Today, the World bank is hosting a live blogging event on the results of the International Budget Partnership's 'Open Budget Survey'. The survey, produced every two years by independent experts, measures and compares budget transparency and accountability in one hundred countries across the Global North and South. The 2012 survey found that 77 out of these countries failed to meet "basic standards of budget transparency".
Unfortunately, unlike some of our fellow EU member states, Ireland is not included in this survey. If Ireland was included where would we stand?.
The Department of Public Expenditure and Reform has an impressive reform agenda, from whistleblower protection to the establishment of a system of regulation of lobbyists. Part of this reform agenda includes reform of the budgetary procedures. While much of the commentary on the preparation of the budget has focused on the role of the Economic Management Council and whether or not it weakens the role of the Cabinet, outside of NGOs, relatively little attention has been paid to the decrease in information provided by Budget 2013. Apologies for the repetition, but as Nat O'Connor noted in this blog in December 2013:
"The current Programme for Government agreed by Fine Gael and Labour is full of commitments to openness and transparency. Not least, on page 23, the pledge that “We will open up the Budget process to the full glare of public scrutiny in a way that restores confidence and stability by exposing and cutting failing programmes and pork barrel politics.”
Yet, for the first time in years, we were not given a full break down of spending decisions to the level of expenditure programmes and organisational budgets for a number of Departments. What might have been three or more pages of detail in a previous budget for some of the key departmental blocks of voted expenditure was reduced to just one page per vote block in the Budget 2013 Expenditure Report.
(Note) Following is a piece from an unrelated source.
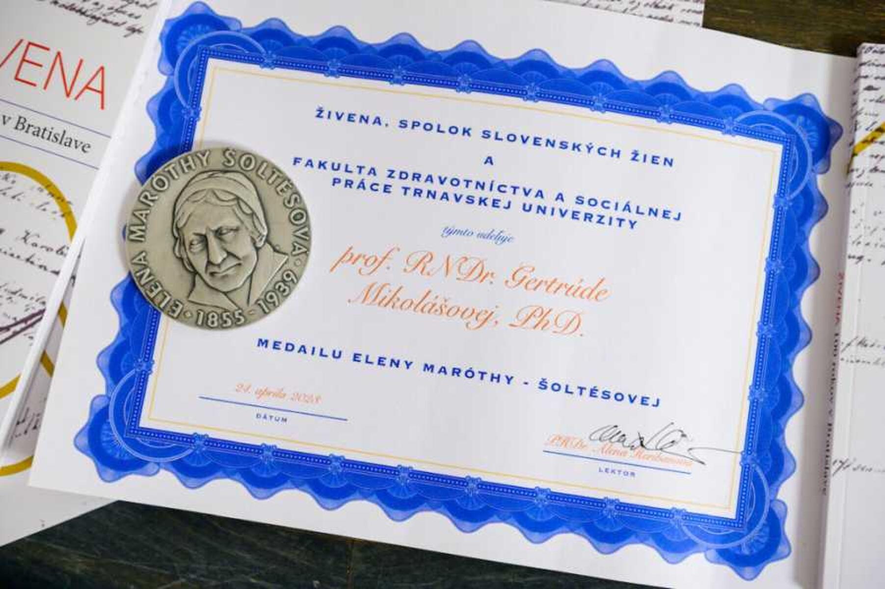 Prof. RNDr. Gertrúda Mikolášová, PhD., z Vysokej školy sv. Alžbety získala Medailu Eleny Maróthy Šoltésovej za obetavú prácu v sociálnej oblasti, ktorú jej odovzdala Magda Vášáryová.

The votes affected were: Gardaí; Prisons; Courts; Justice and Equality; the local government fund under Environment, Community and Local Government; Education and Skills; and Agriculture and Food. Only Social Protection and Health provided the same break down of sub-heads as last year.
What this means in effect is that some publicly-funded organisations are no wiser after the budget about what level of change has occurred in their individual budgets for next year, which begin in a few weeks’ time. It also means that policy analysts and journalists cannot give people in Ireland as full a picture on what promises and policies are implemented or not through the decisions made by each Minister on how his or her budget allocations will be spent".
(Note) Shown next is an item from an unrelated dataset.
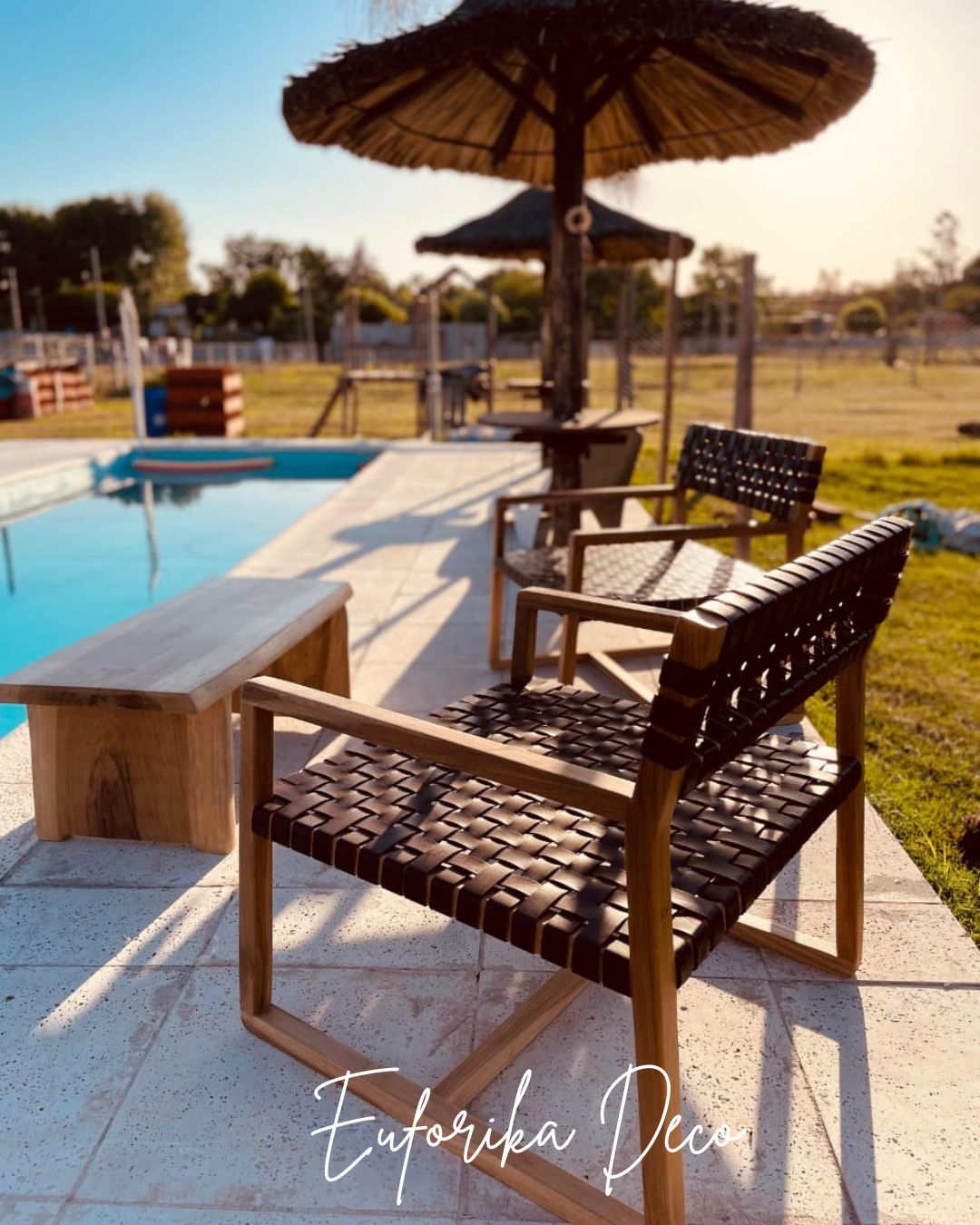 -Respaldo y asiento trenzado en cuero (color a elección)

Minister Howlin has announced his intention to bring proposals to Government on joining the Open Government Initiative established by President Obama in September. Part of this initiative requires a commitment to "Fiscal Transparency". Hopefully Budget 2013's backward step in terms of transparency will be reversed by budget 2014. In the meantime, you can watch the live blog of the Open Budget Survey here, and hopefully by the time of the next Open Budget Survey, Ireland will have joined the rest of the world.